# New goodies



## carsey (Aug 19, 2006)

Hi

Decided to purchase a new sub and amp over the weekend. Something a bit more powerful ray:

I bought:

*Sub:*
http://www.audioassault.co.uk/Subs/12"_Subwoofers/SNG_Audio_Jatt_Series_JT-12_Subwoofer

800WRMS Dual voice Coil going be be wired at a 2 ohm load on the amp

*Amp:*
http://cgi.ebay.co.uk/VIBE-BLACKBOX...66:2|39:1|72:1683|240:1318|301:1|293:1|294:50

Nice big and powerful :wink::heartlove


I need to build a nice looking 1.5cuft box to house it in. Will be doing that this week and hopefully waiting for the new goodies to arrive.

Will try and keep the thread updated with pics 

Chris


----------



## lcurle (Oct 5, 2008)

I am hearing that VIBE is suppose to be a little better then JL Audio, which is hard to grasp since JL has been the leader in design and power for years... What type of car is it going into?


----------



## carsey (Aug 19, 2006)

Its going into a MK4 golf.

Only thing that worries me about Vibe is the reliability.

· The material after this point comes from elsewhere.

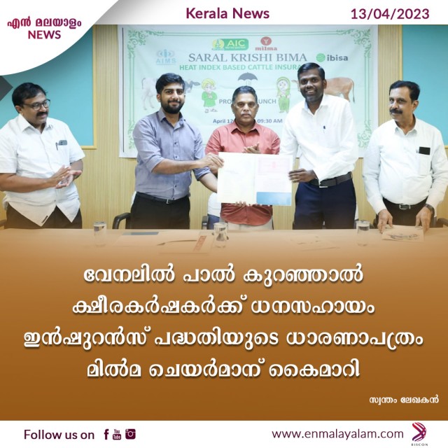 വേനലില് പാല് കുറഞ്ഞാല് ക്ഷീരകര്ഷകര്ക്ക് ധനസഹായം ഇന്ഷുറന്സ് പദ്ധതിയുടെ ധാരണാപത്രം മില്മ ചെയര്മാന് കൈമാറി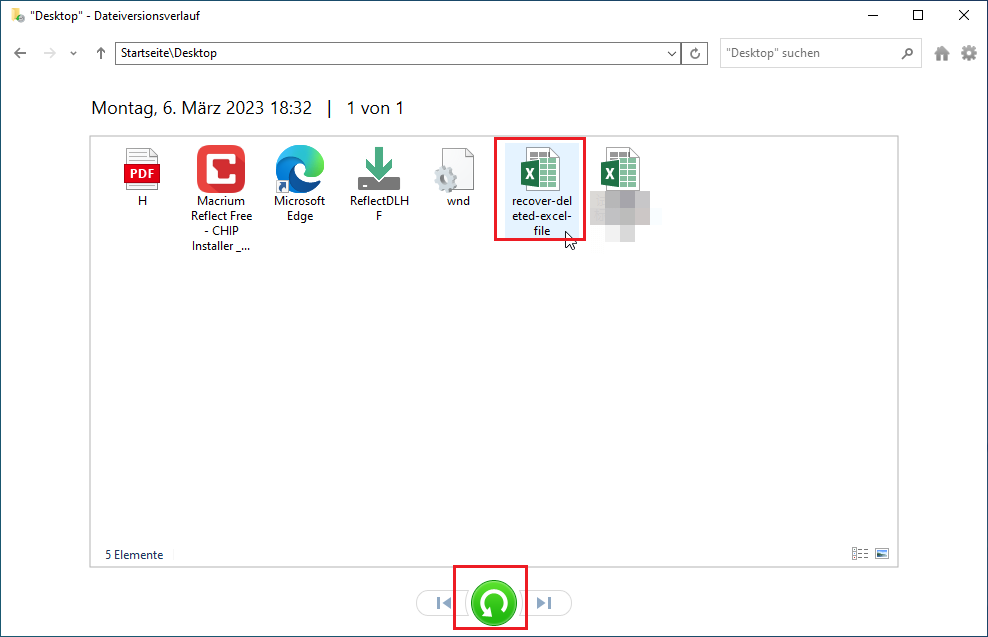 - Die Datei wird am ursprünglichen Speicherort wiederhergestellt.

I have been through 2 amps from just running a sub but both were replaced under warranty.

I certainly cant knock the power for cost though.


----------



## jaggerwild (May 21, 2007)

Here's a link for Bass box do it your selfers. :tongue:

http://www.caraudioforum.com/showthread.php?t=97333

( Sorry to link off the site, im lazy  )


----------



## carsey (Aug 19, 2006)

Look what came today :smile: :heartlove:heartlove:heartlove:heartlove










































mhmmmmmmm :heartlove:heartlove:heartlove:laugh:


----------



## lcurle (Oct 5, 2008)

sweet you got a comforter for your amplifier...always nice to keep it warm at night. Is that the black death series?


----------



## carsey (Aug 19, 2006)

Always nice to keep it nice and warm....especially here in the cold UK....must remember to remove it when its on though...cant have it overheating :laugh:

Its the Black Box series. Black Box Bass 4 is what I have.


----------



## Coolfreak (May 27, 2008)

That is a beautiful amp. Makes me just want to go buy a new one!


----------



## lcurle (Oct 5, 2008)

is Vibe pretty big over in the UK? it has just started hitting the streets her in the US, and I have some in my store, but no to much because it is not wel known yet.


----------



## carsey (Aug 19, 2006)

Its quite good in the UK. Its certainly very good for what you pay for in terms of features and power.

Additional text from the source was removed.